Blackstone / GSO Senior Floating Rate Term Fund
280 Park Avenue
11th Floor
New York, NY 10017
May 21, 2010
VIA EDGAR
Securities and Exchange Commission
Division of Corporation Finance
100 F Street, N.E.
Mailstop 4720, Washington, D.C. 20549
Attn.: Mr. Larry L. Greene, Senior Counsel
Re: Blackstone / GSO Senior Floating Rate Term Fund
Registration Statement on Form N-2, File Nos. 333-165353 and 811-22393
Ladies and Gentlemen:
Blackstone / GSO Senior Floating Rate Term Fund (the “Registrant”), pursuant to Rule 461 under the Securities Act of 1933, as amended, hereby requests that the effective date of the above-referenced Registration Statement on Form N-2 be accelerated so that the Registration Statement may become effective at 10:00 a.m., Eastern Standard Time, on May 25, 2010, or as soon thereafter as practicable.

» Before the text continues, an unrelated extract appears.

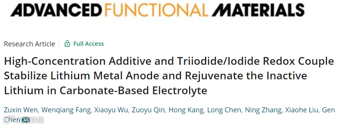 基于此,来自中南大学的陈根副教授在国际知名期刊Advanced Functional Materials上发表题为“High-Concentration Additive and Triiodide/Iodide Redox Couple Stabilize Lithium Metal Anode and Rejuvenate the Inactive Lithium in Carbonate-Based Electrolyte”的文章。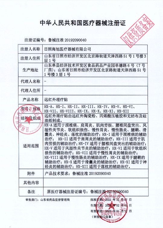 | 補(bǔ)充說明 | 遠(yuǎn)紅外理療貼,中標(biāo)掛網(wǎng)醫(yī)保,可供醫(yī)院,藥店,診所,理療店等渠道。 |

The Registrant hereby acknowledges that:
· the Registrant is responsible for the adequacy and accuracy of the disclosure in the Registration Statement;
· should the Securities and Exchange Commission (the “Commission”) or its staff, acting pursuant to delegated authority, declare the above-referenced Registration Statement effective, it does not foreclose the Commission from taking any action with respect to the Registration Statement;
· the action of the Commission or its staff, acting pursuant to delegated authority, in declaring the Registration Statement effective, does not relieve the Registrant from its full responsibility for the adequacy and accuracy of the disclosure in the Registration Statement; and
· the Registrant may not assert staff comments and the declaration of effectiveness as a defense in any proceeding initiated by the Commission or any person under the federal securities laws of the United States.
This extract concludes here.